--- Recorded data ---
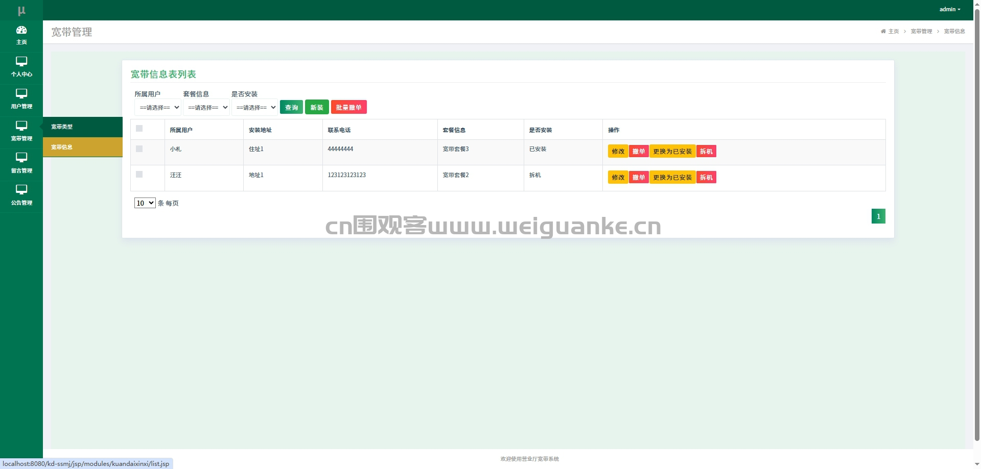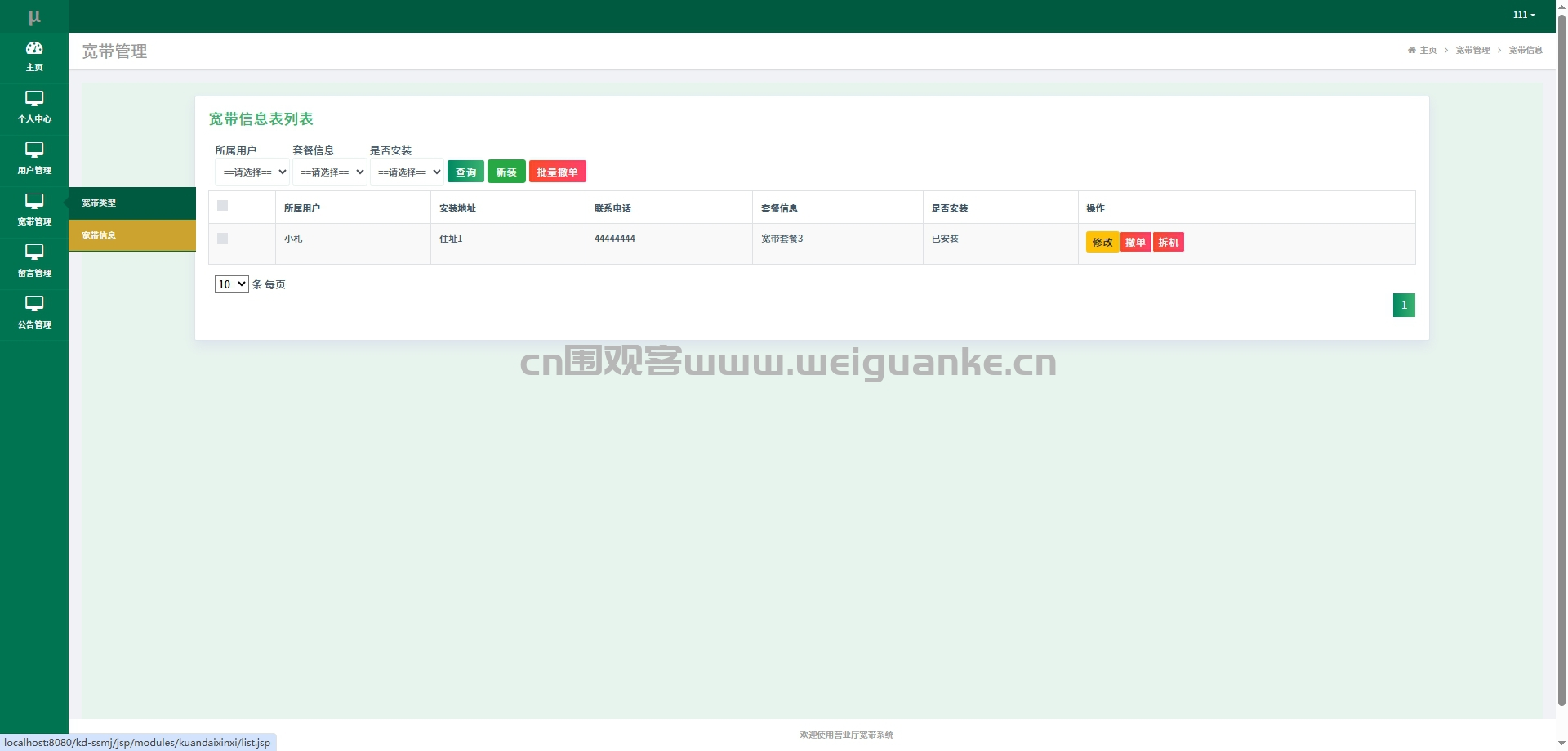 宽带信息:管理用户宽带订单
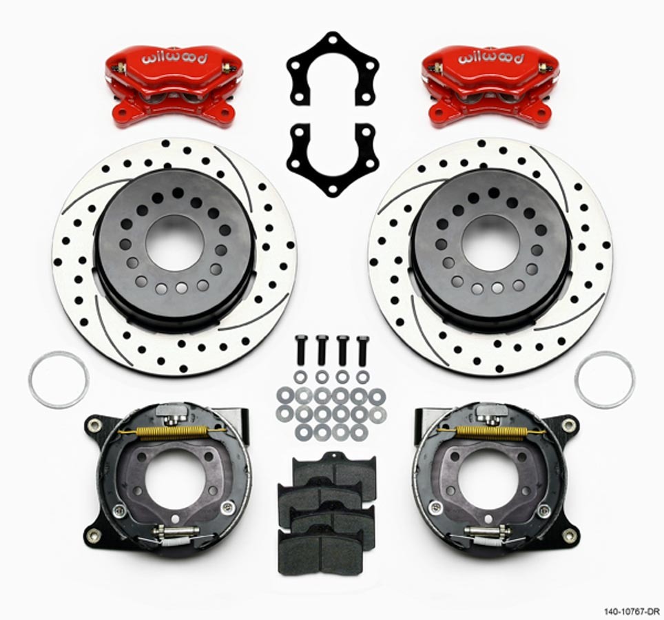 Product Description Specifications Brake System - Forged Dynalite - Rear - 4 Piston Caliper - 12.190 in Drilled / Slotted Iron Rotor - Parking Brake - 2-1/2 in Offset - Aluminum - Red Powder Coat - Mopar / Dana - Kit MPN: 140-10767-DR Clearance Item: N
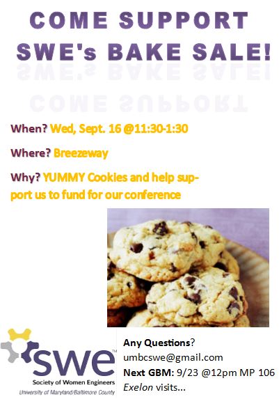 Come out and support SWE's cookies bake sale to help us fund for our members to got to SWE's National Conference on Oct. 22-24 in Nashville, TN!
---
◆ **Work order**
Restate word for word only the lines that run from the line holding "Product Description Specifications" to the end of the data, both ends kept, leaving every picture out.

◆ **Task output**
 Product Description Specifications Brake System - Forged Dynalite - Rear - 4 Piston Caliper - 12.190 in Drilled / Slotted Iron Rotor - Parking Brake - 2-1/2 in Offset - Aluminum - Red Powder Coat - Mopar / Dana - Kit MPN: 140-10767-DR Clearance Item: N
 Come out and support SWE's cookies bake sale to help us fund for our members to got to SWE's National Conference on Oct. 22-24 in Nashville, TN!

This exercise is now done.